Archive for August, 2007

Blocking Ads in Squid

August 29, 2007

One of the more bandwidth-intensive “features” of the Web is the proliferation of ad images and flash media which has a nasty habit of wasting bandwidth and increasing loading times.

Squid has been able to filter ads and other unwanted media for a number of years. Various articles have been written to cover how exactly its done and so I won’t bother covering the how-to here.

The original method involved the “redirector”. A redirector was simply an external program which would read in URLs on STDIN and spit out “alternate” URLs on STDOUT. This could be used for a number of things – the initial use being to rewrite URLs when using Squid as a web server accelerator – but people quickly realised they could rewrite “ad” URLs to filter them out.

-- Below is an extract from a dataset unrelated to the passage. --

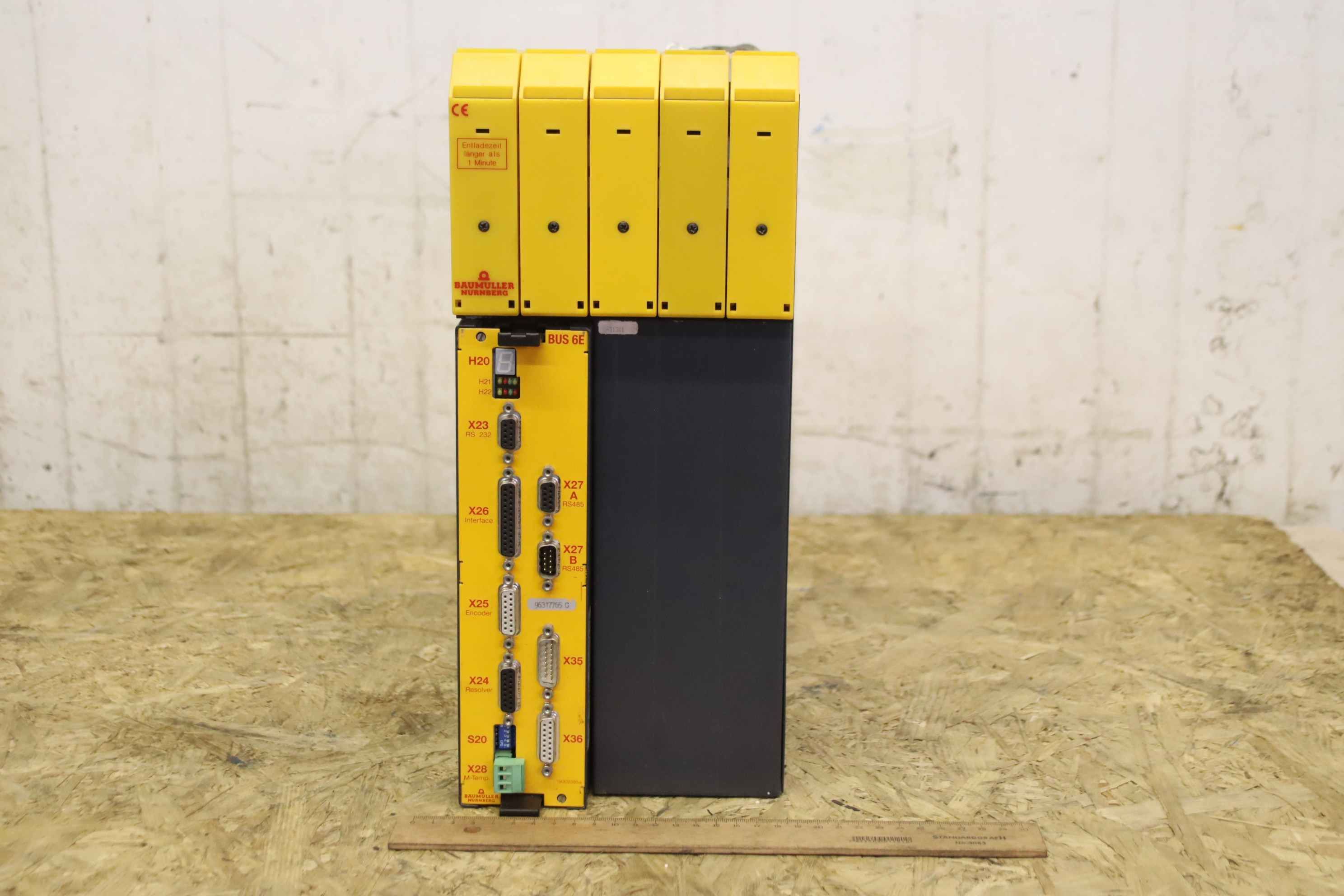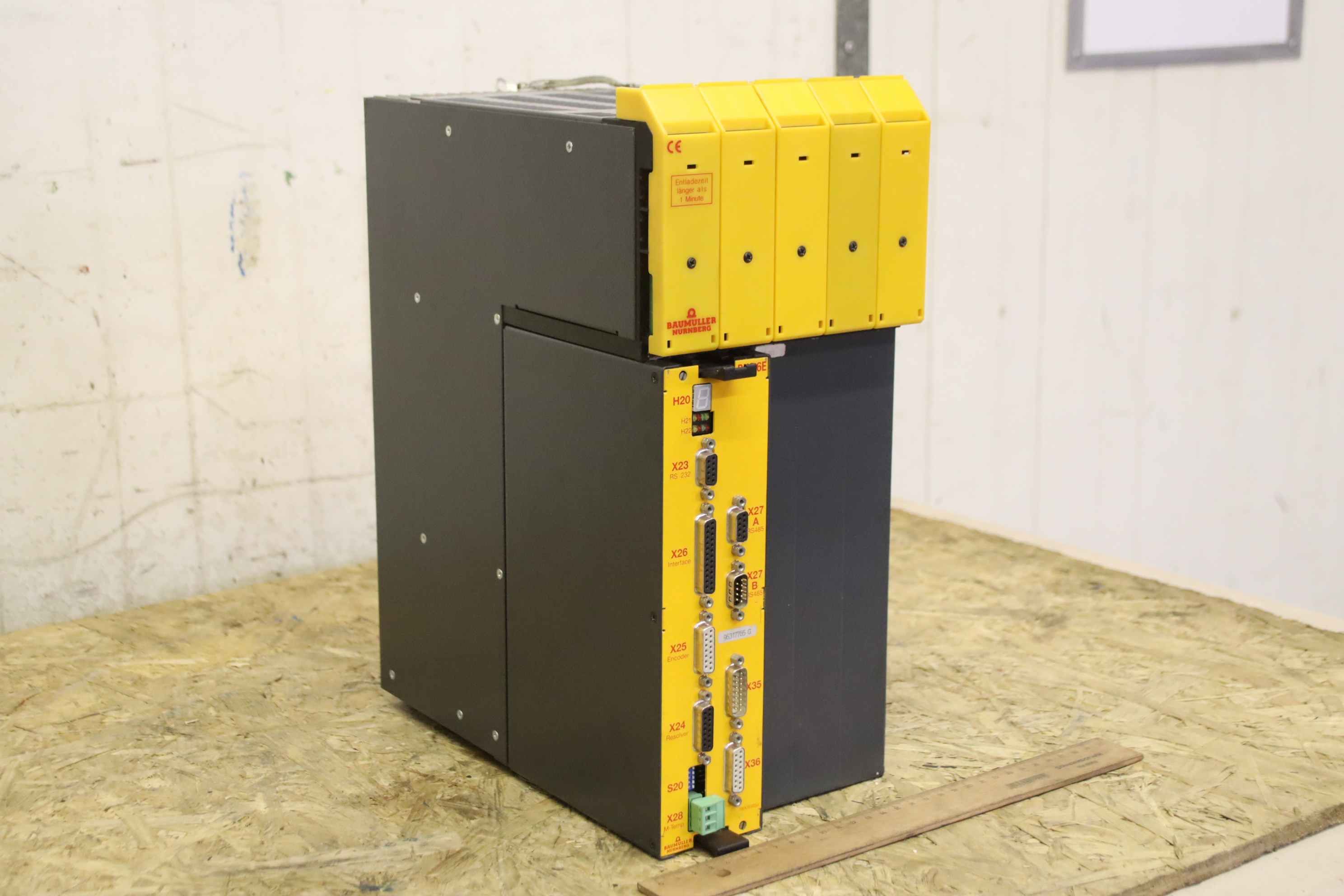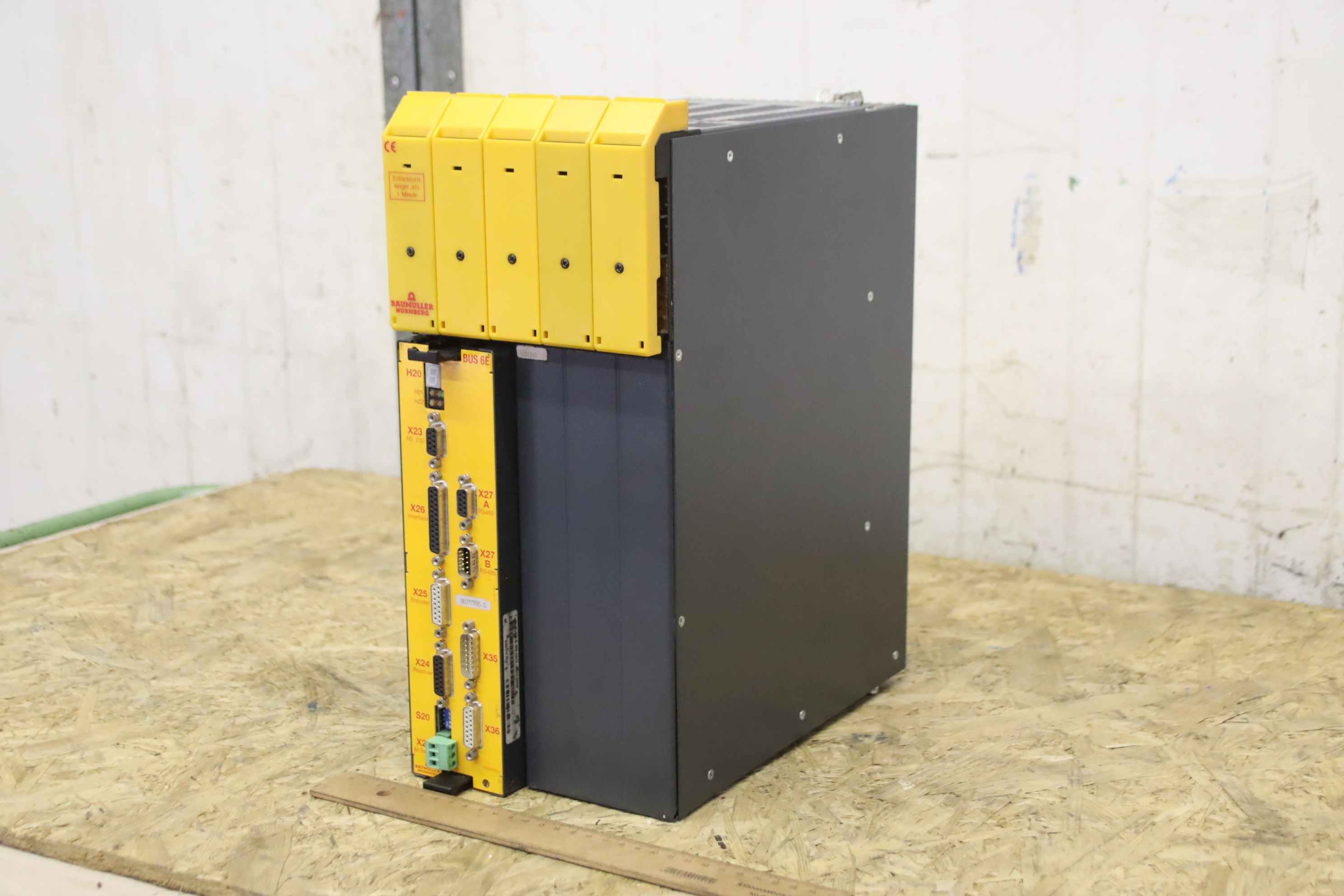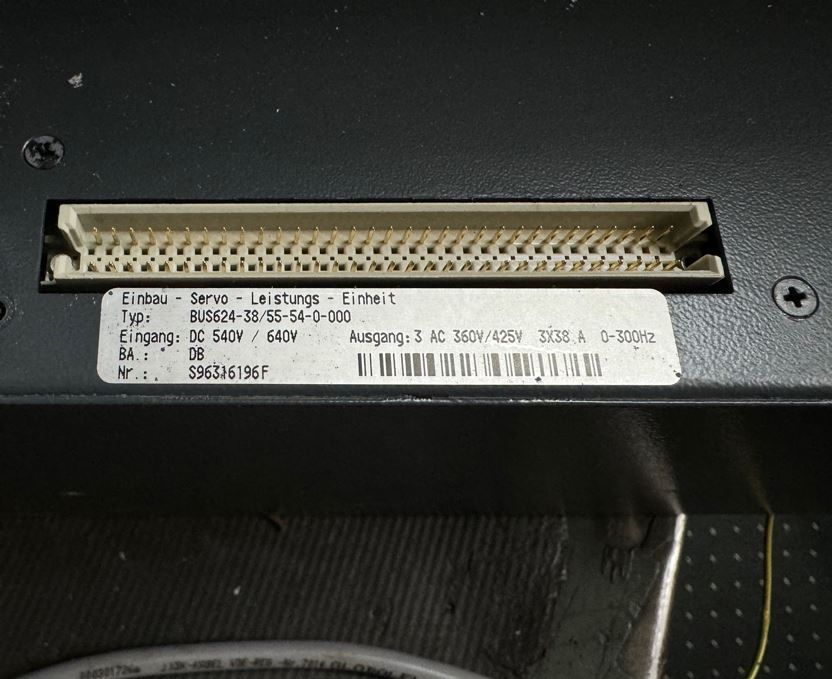 Basic - feed-in unit, feed-in module, converter, frequency converter, frequency converter, drive converter, controller, variable speed drive -Manufacturer: Baumüller, servo power unit BUS624-38/55-54-0-000 -Built-in control device: Controller BUS 6E -Type: BUS6-E-SM-0012-A011-0000 -Number: 3x devices available -Price: per piece -Dimensions: 300/165/H380 mm -Weight: 11.9 kg/piece

Another method is to simply build a text file with identified ad content URLs and hostnames and simply deny the traffic. This is simple but can scale poorly if you try filtering thousands of URLs against regular expression matches.

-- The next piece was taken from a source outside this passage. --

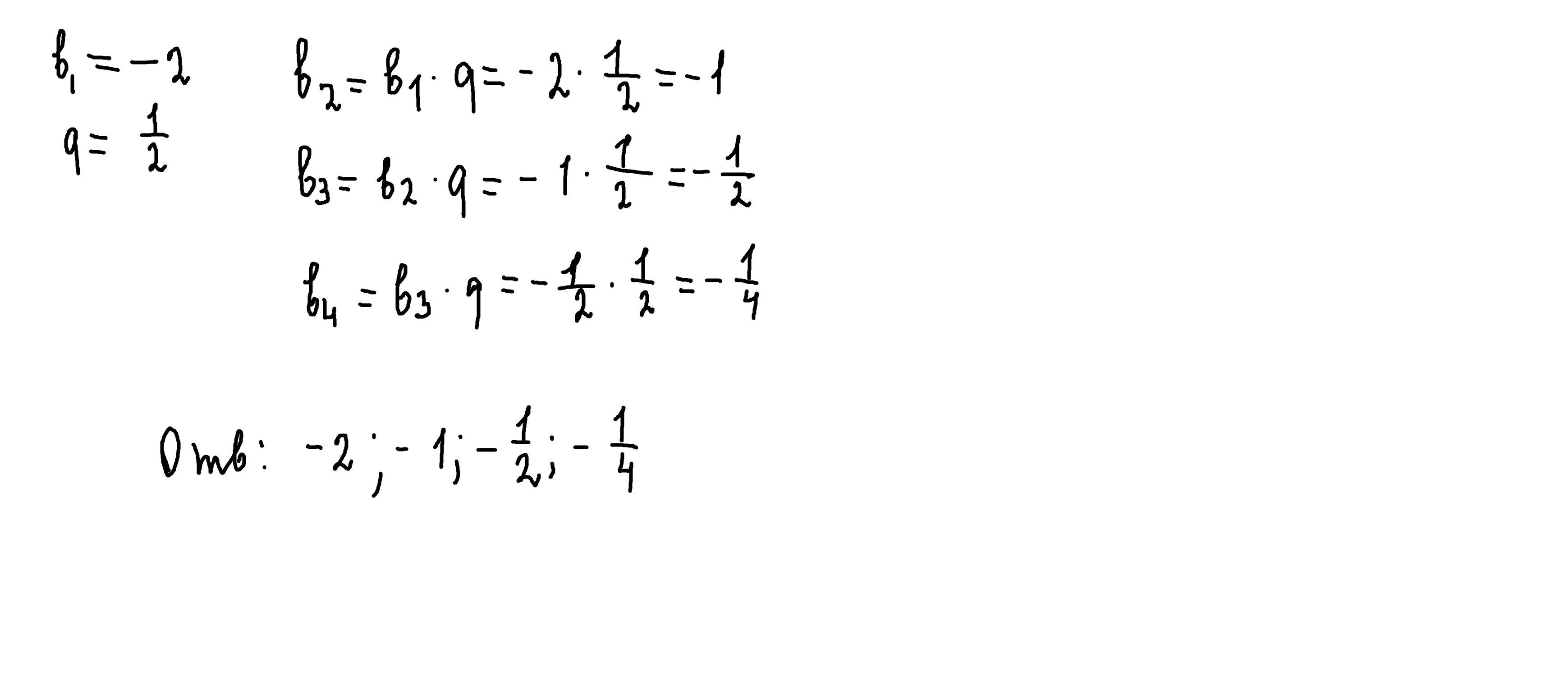 Найти первые четыре члена геометрической прогрессии, если первый член равен -2, знаменатель 1/2

Finally, another method involves using the more recent “external ACL” helper. It is an external program which can be passed a variety of information about a request (URL, client IP, authenticated username, arbitrary HTTP headers, ident to name a few, but its very customizable!) and spit back a YES or a NO, with an optional message. Content can then be filtered by simply denying access to it, but it currently doesn’t let you return modified content. One of the most popular uses of the external ACL helper is actually to implement ACL groups from sources like LDAP/Windows Active Directory.

How you do it is up to you. Here’s a few links explaining whats involved.

Web Cache Whitepapers/Articles

August 24, 2007

Why bother with Squid as a purely proxy server? Isn’t most of the content on the Internet today dynamic?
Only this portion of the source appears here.